- Location: Pozzuoli, Italy
- Coordinates: 40°51′31.55″N 14°2′59.68″E﻿ / ﻿40.8587639°N 14.0499111°E
- Type: artificial lake (drained)

Location
- Interactive map of Lago di Licola

= Lago di Licola =

Former artificial coastal lake in Pozzuoli, Italy

The Lago di Licola (English: Licola Lake) was an artificial lake located on the coast in the municipality of Pozzuoli, near the locality of Licola.

== History and description ==
During the Neronian era, the emperor himself decided to construct a navigable canal, called Fossa Neronis, intended to connect the port of Pozzuoli with Rome, spanning a length of one hundred sixty miles. The project was designed by architects Severus and Celer, and construction began in an area slightly north of Cumae, already predominantly marshy, where numerous coots, locally called follicole in dialect, resided, giving the area its name, Licola. With Nero's death, construction was halted, and the project was definitively abandoned. The ditch created, fed by waters from nearby hills, gave rise to a marsh. This was transformed into a lake following reclamation works during the Middle Ages.
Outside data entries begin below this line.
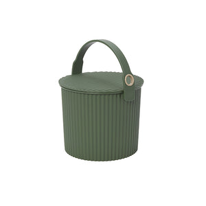 Hachiman reimagines the bucket as a colorful, lidded storage container with endless uses, indoors and out. Crafted in Japan to last a lifetime, it makes for a sleek and sturdy stool, side table, toybox, cooler, planter, wastebasket, recycling bin, and more. The opening in the handle is designed to hold a garden hose for hands-free filling. Easy to stack, each bucket can support up to 330 pounds.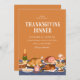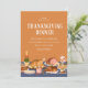 Celebrate the spirit of Thanksgiving with this festive orange invitation featuring a delightful illustrated dinner spread. The warm, inviting colour palette highlights a bountiful feast of turkey, ham, pies, and seasonal drinks. Perfect for hosting a cosy, food-filled gathering with family and friends, this invitation sets the tone for a memorable evening. Whether you're planning a casual dinner or a more formal event, this cheerful design is sure to delight your guests and get them excited for the holiday feast.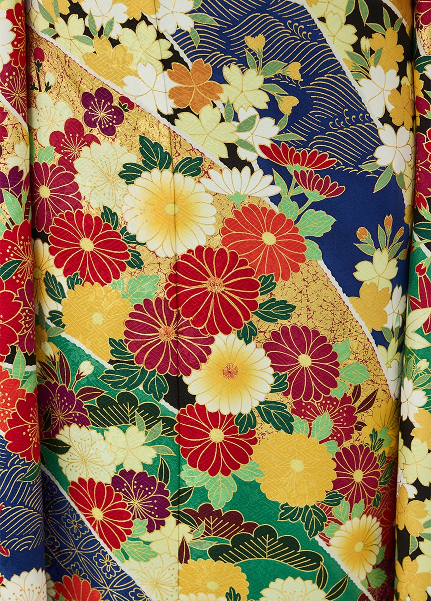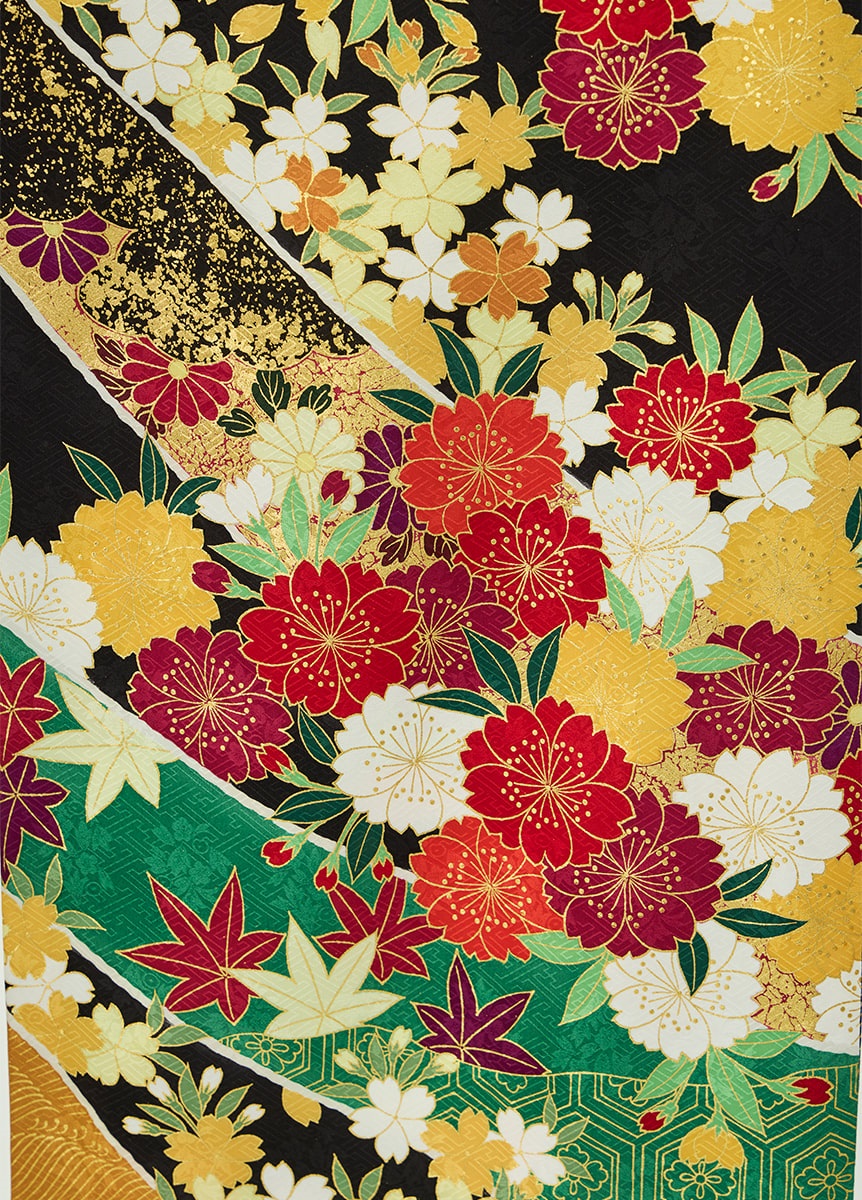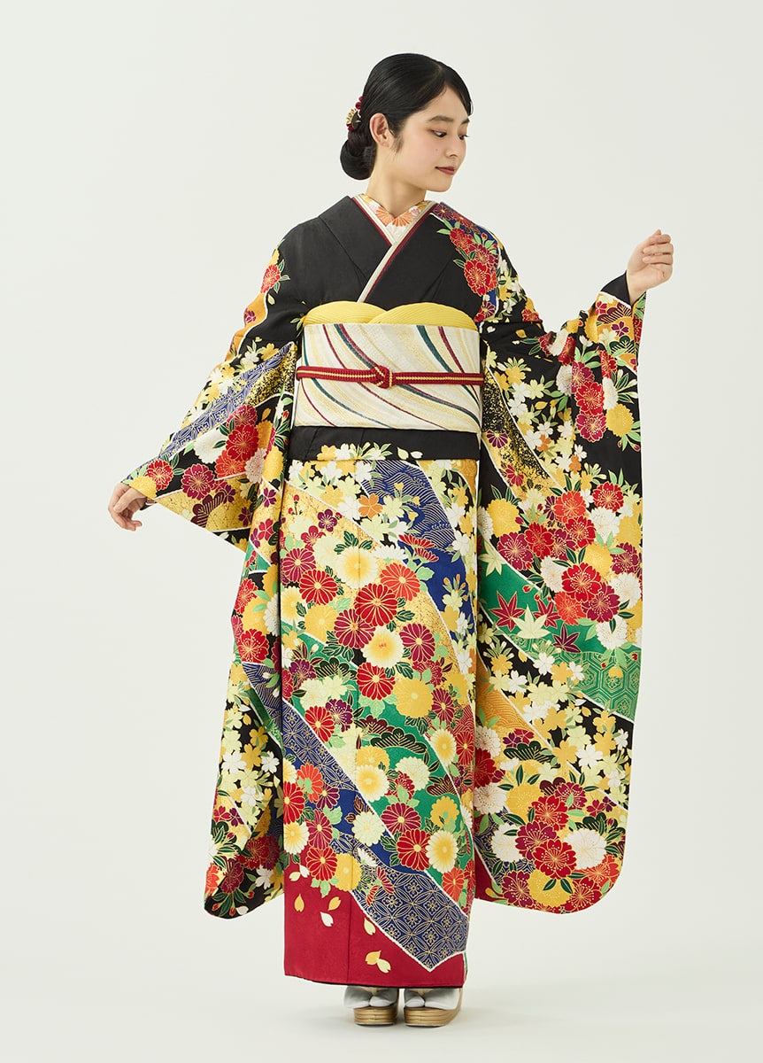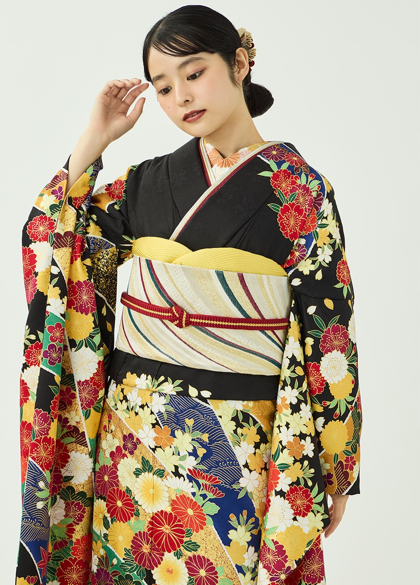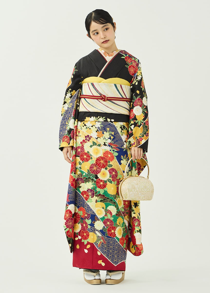格式高く絢爛豪華な振袖です。菊・松・梅・橘などの吉祥文様を配しており、地色の黒が色とりどりの花を鮮やかに引き立てます。振袖に合わせ、帯は控えめに、小物は柄の色を拾って統一感を出しました。

The Lago di Licola thus developed the typical flora and fauna of a marsh, also nourished by its proximity to the sea, which contributed to its popularity during the 18th century and early 19th century. The Bourbons, particularly Charles III of Spain, turned it into a site for their hunting and fishing expeditions, with the construction of small houses, chapels, and dovecotes, as well as for the soaking of flax and hemp. During the extensive reclamation project that affected the area at the end of the 19th century, the lake was completely drained, and remnants of necropolises and roads with sidewalks from the Roman era were also demolished.
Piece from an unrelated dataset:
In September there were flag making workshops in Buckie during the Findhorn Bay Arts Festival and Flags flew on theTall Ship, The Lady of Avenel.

The Lago di Licola had an elongated shape, still visible due to the lush vegetation that grew where its waters once stood. The surrounding area remained marshy, as depicted in a 1746 painting by Claude Joseph Vernet, Charles of Bourbon Hunting Coots on Lake Licola, showing King Charles hunting on the lake's shores.

== Bibliography ==

- Palatino, Lorenzo (1826). "Storia di Pozzuoli: e contorni con breve tratto istorico di Ercolano, Pompei, Stabia, e Pesto"
- Rescigno, Carlo (2013). "Cuma: Il tempio di Giove e la terrazza superiore dell'acropoli"
- Touring Club Italiano (2012). "Museo di Capodimonte"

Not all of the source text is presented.